In defence of Eugene.

May 28, 2007 15:58

Greetings,
I wrote this blog to give prominence to what I felt was an unfair response to Eugenes enjoyable commentary on the Sendai competition.

With all due respect to the four who sent it, I thought the following was lacking in thought and somewhat impolite.
>From four of the Sendai International Music Competition contestants: Are you a musician?

It is quite obvious from his writing that Eugene is a musician or at least, that he knows his music.

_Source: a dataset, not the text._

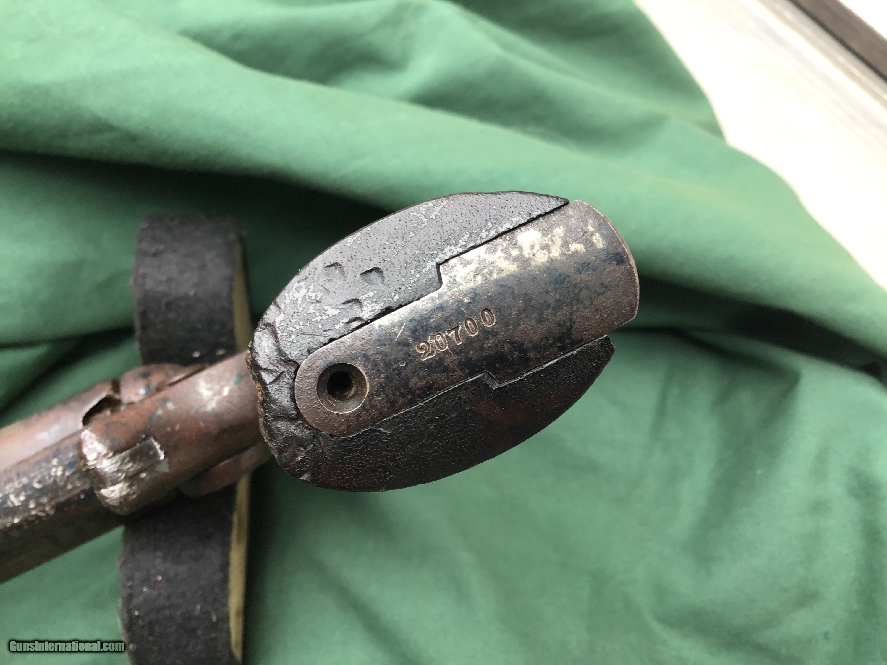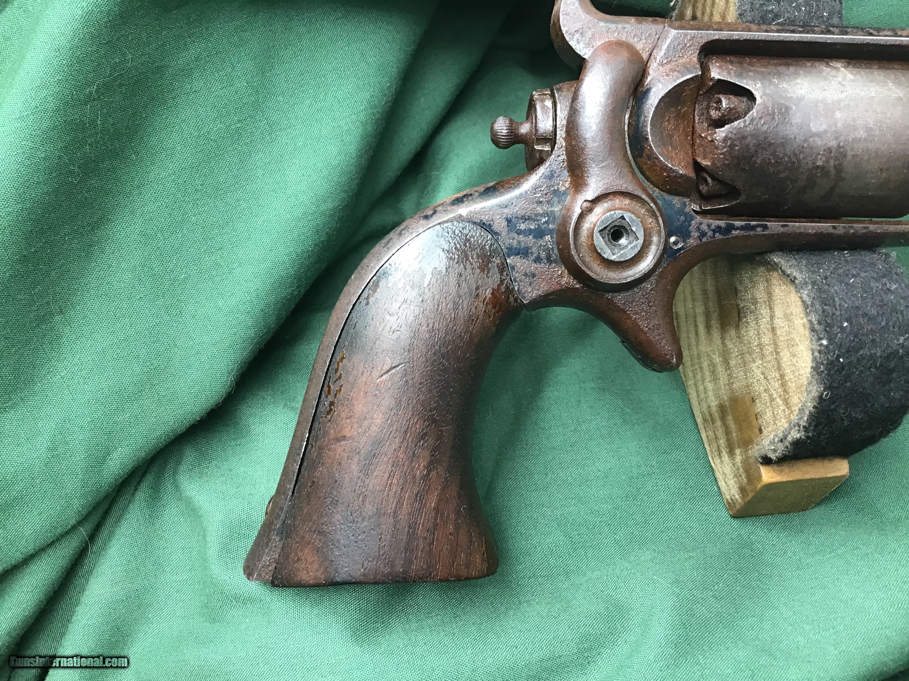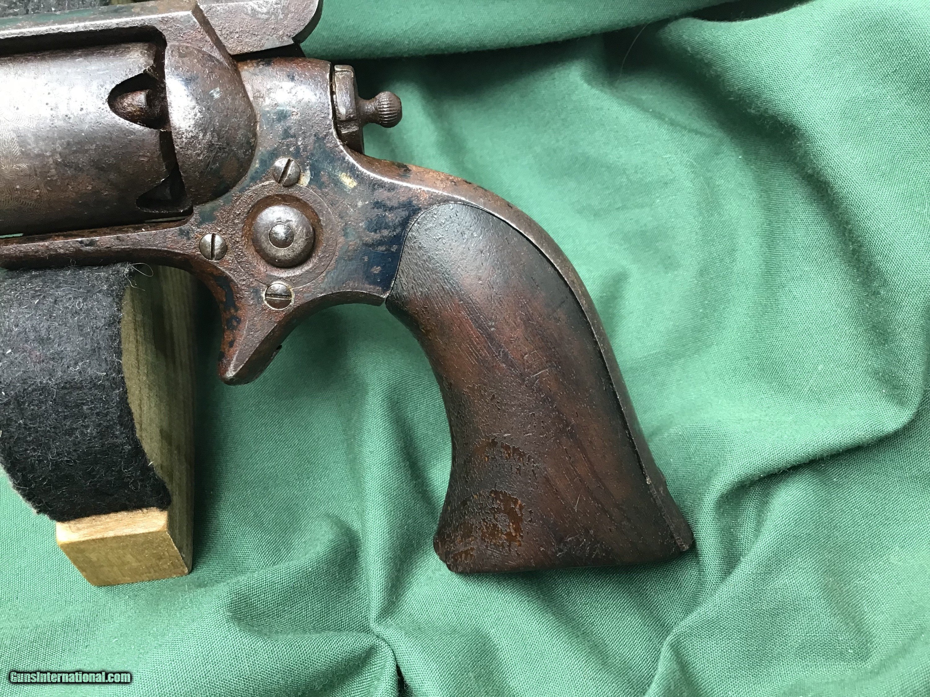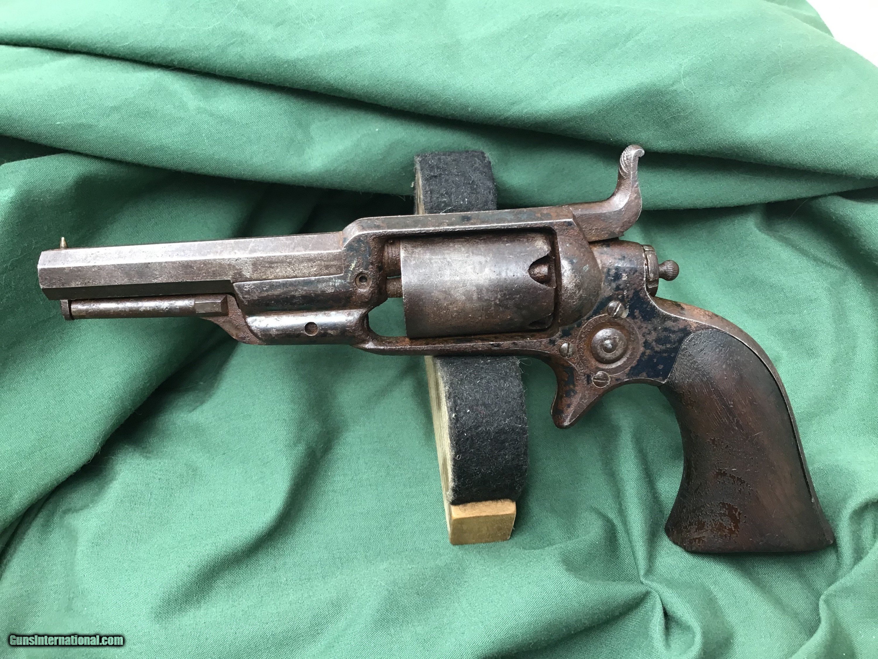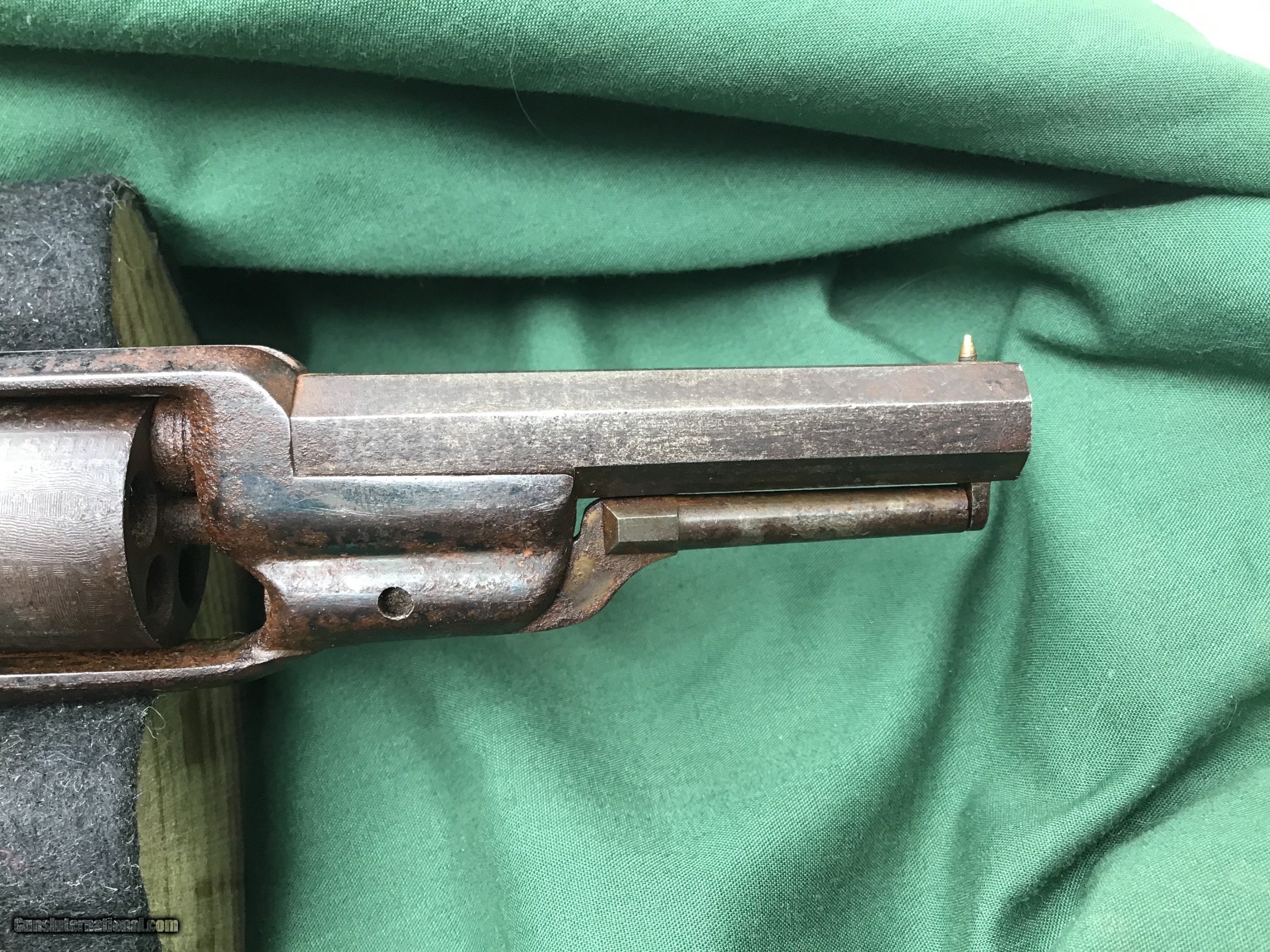 Description: 1855 Colt Root 2nd Model. .28 caliber and has Hartford barrel address. Serial number 20,700, all matching. This Colt is a little rough but very restorable or use it for parts. Missing three screws: on barrel (left hand side), hammer, and butt. Action indexes properly but trigger won’t engage because is stuck. It looks like it might be pinched on both sides thus not being able to move properly. Again action indexes nicely. Grips are matching and are in decent shape. Octagon barrel measures 3 1/2”. Please feel free to ask questions or for more detailed pictures. Antique and can shipped directly to your doorsteps. SOLD Antique: Yes |

>In order to judge honestly and fairly you need to speek from the perspective of a contestant of any major violin competition

Utter nonsense!
First of all, Eugene`s comments are completely honest and fair as far as the medium allows. There is nothing destructive or impolite about what he wrote. If the four of you can`t take that level of commentary then you won`t survive in the music business for long. Then, why does he have to speak from the perspective of a contestant? I challenge you to think a little more carefully about that.
It is you who are standing up on stage and offering your talent and gifts for the enjoyment of others from -their- perspective, and if the message recieved is one of boredom, albeit through a limited medium, then that is your problem and it is worth taking home as a lesson in either how to change things so that you come across better or accept that some things cannot be changed and learn to live with it. It is not up to you to tell people how to receive your message.
Rather it is for you to accept this is how someone reacted and move on from there because that is all we can hope for in any medium of human communciation.It actually takes some humbleness.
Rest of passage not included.